Judge sentences ex-MSU coach to jail in Nassar-related case

By Anna Liz Nichols
Associated Press/Report for America

LANSING, Mich. (AP) — A former Michigan State University head gymnastics coach was sentenced Tuesday to 90 days in jail for lying to police during an investigation into ex-Olympic and university doctor Larry Nassar.

Kathie Klages, 65, was found guilty by a jury in February of a felony and a misdemeanor for denying she knew of Nassar’s abuse prior to 2016 when survivors started to come forward publicly. She also was sentenced to 18 months of probation.

Klages testified at trial, and in a tearful statement Tuesday, that she did not remember being told about abuse. She said she had been seeing a therapist to try to remember the conversations and apologized to victims if they occurred.

“Even when I don’t express it to others, I struggle with what I’ve been accused of and what my role in this tragedy may have been,” she said in court.

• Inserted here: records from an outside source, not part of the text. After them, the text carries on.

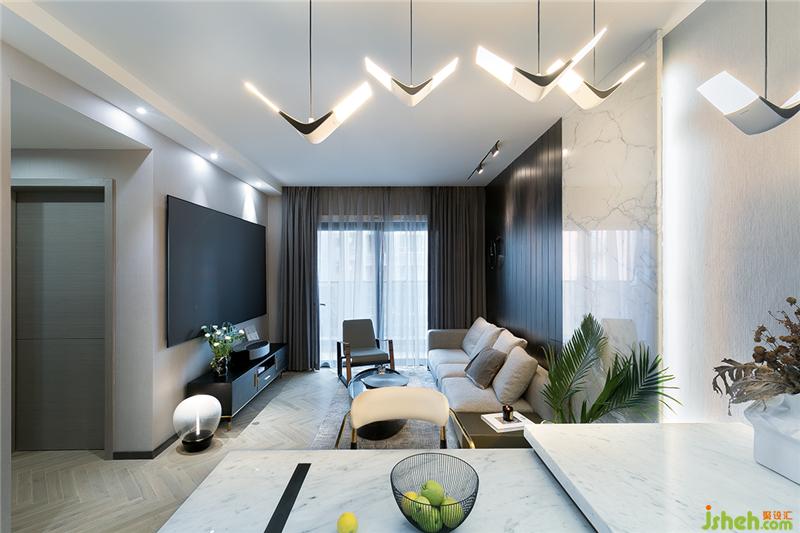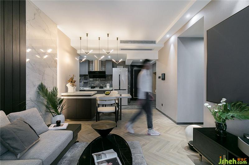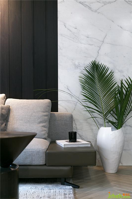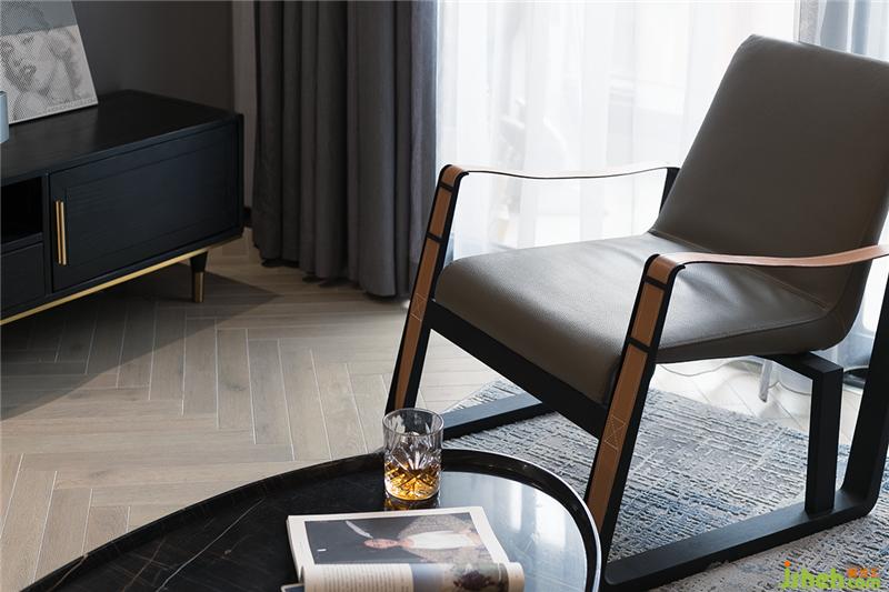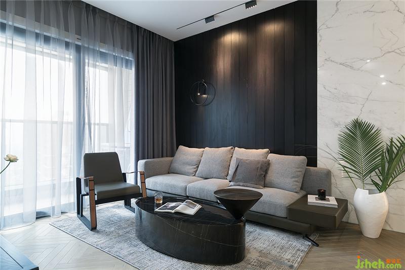 空间使用棉麻、劳伦黑金、真皮、木饰面这些丰富的材质,色彩归纳于黑白灰的基调中,让空间统一又富有变化。装修公司
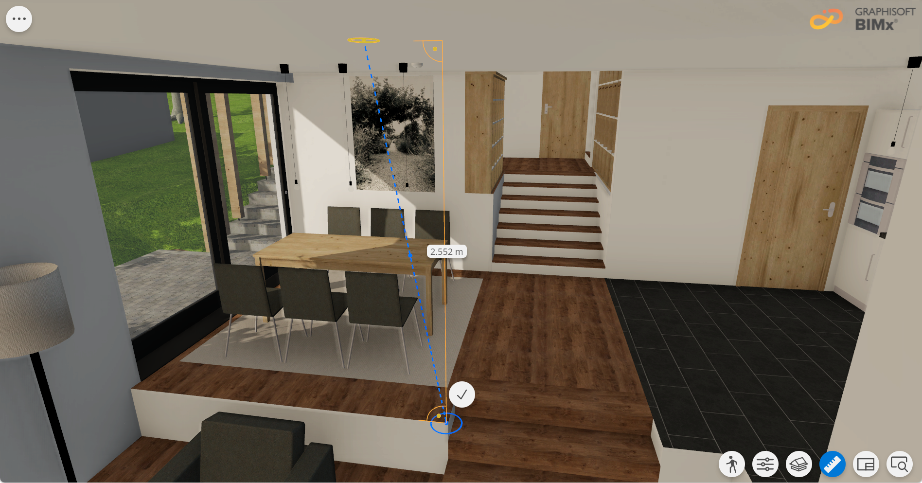 BIMx Hiper-modelinizde bulunan herhangi bir 3D modeli açın. Ölçü aracı 2D ile hemen hemen aynı şekilde çalışır, ancak aşağıdaki farklılıklar vardır:
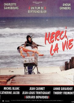 Au fond, mieux vaut se laisser aller à ce maelstrom d’images et de sons, oublier les facilités (l’équation nazisme = SIDA est au moins discutable) et jouir des décalages permanents, des échanges verbaux surprenants. Merci la vie est une sorte de zapping (le mot est de Blier) conçu comme une expérience limite farcie de mises en abyme et de coqs-à-l’âne ; c’est aussi et peut-être surtout une déclaration d’amour au cinéma, celui qui envahit la réalité au point qu’il se confond avec elle, qui fait que la vie semble perpétuellement mise en scène au point que, nus et parqués dans un wagon, les gens cherchent la caméra. Pour cette passion, mais aussi pour l’humour audacieux et les répliques parfois hilarantes, ce film porté par des acteurs prodigieux reste comme une tentative inaboutie, excessive mais palpitante.
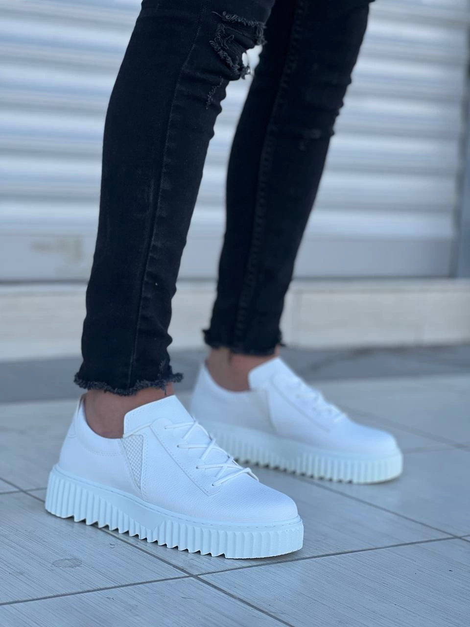 Kb-X502 Kuback Beyaz Cilt Yüksek Beyaz Taban Bağcık Detaylı Lastikli Günlük Erkek Ayakkabı (Numara: 40)
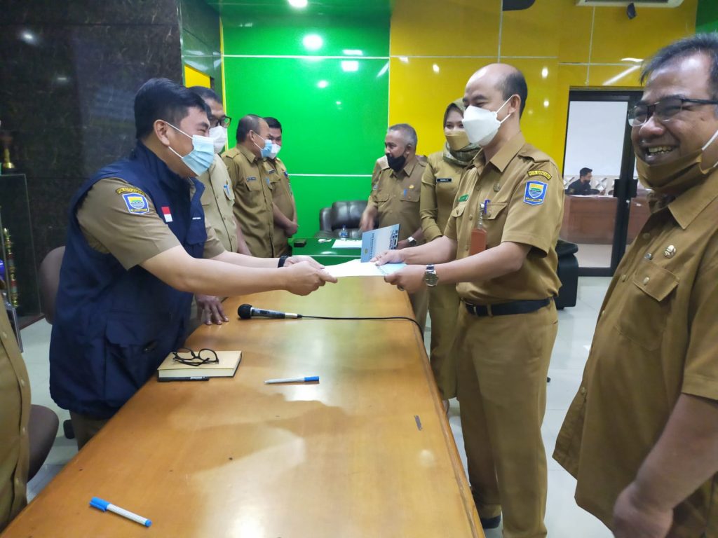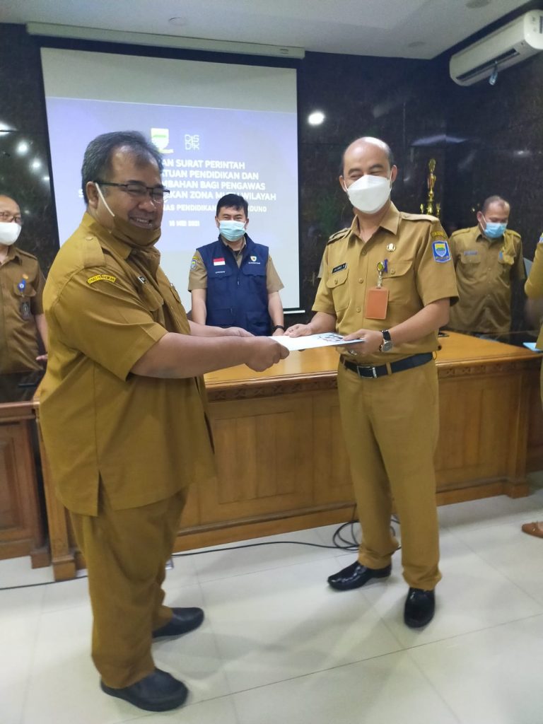 Proses serah terima jabatan disaksikan oleh Bapak Hikmat Ginanjar, M.Si., selaku Kepala Dinas dan Bapak Drs. H. Cucu Saputra, M.M.Pd. selaku Sekretaris Dinas Pendidikan Kota Bandung,

Two women testified in November 2018 that in 1997 they told Klages that Nassar had sexually abused them and spoke Tuesday in court ahead of the sentencing. One of the women, Larissa Boyce,
testified that Klages held up a piece of paper in front of the then-16-year-old and said if she filed a report there could be serious consequences for Boyce.

“I am standing here representing my 16-year-old self who was silenced and humiliated 23 years ago and unfortunately, all of the hundreds of girls that were abused after me,” Boyce said.

If the case had not involved Nassar, her lawyer has said, Klages would never have been found guilty. Nearly 200 letters were submitted to the judge on Klages’ behalf, her lawyer, Mary Chartier, said in a court filing ahead of the hearing. She noted that Klages sent her granddaughter, daughter and son to Nassar for health care.

“Mrs. Klages was one of thousands of people, including the police and the parents who were present in the room during treatments, who were fooled by a master manipulator with a singular design,” Chartier said.

It’s “shameful” to say that Klages could have prevented the scandal, Chartier said.

“Numerous people were told about the procedure — nurses, athletic trainers at other schools, psychologists, doctors and a high school counselor — and they did nothing,” Chartier said, quoting investigation reports. “Most notably, police and prosecutors were aware of the procedures, and they did nothing. To ignore this and claim that Mrs. Klages could have stopped the devastation wrought by Mr. Nassar is just plain false.”

Nassar was sentenced in 2018 to 40 to 175 years in prison for decades of sexual abuse to hundreds of athletes.

Klages is the second person other than Nassar to be convicted of charges related to his serial molestation of young women and girls under the guise of medical treatment. The misdemeanor carried up to a 2-year prison sentence, while the felony carried up to a 4-year prison sentence.

Nassar’s boss at Michigan State, ex-College of Osteopathic Medicine Dean William Strampel, was sentenced to jail for crimes including neglecting a duty to enforce protocols on Nassar after a patient complained about sexual contact in 2014.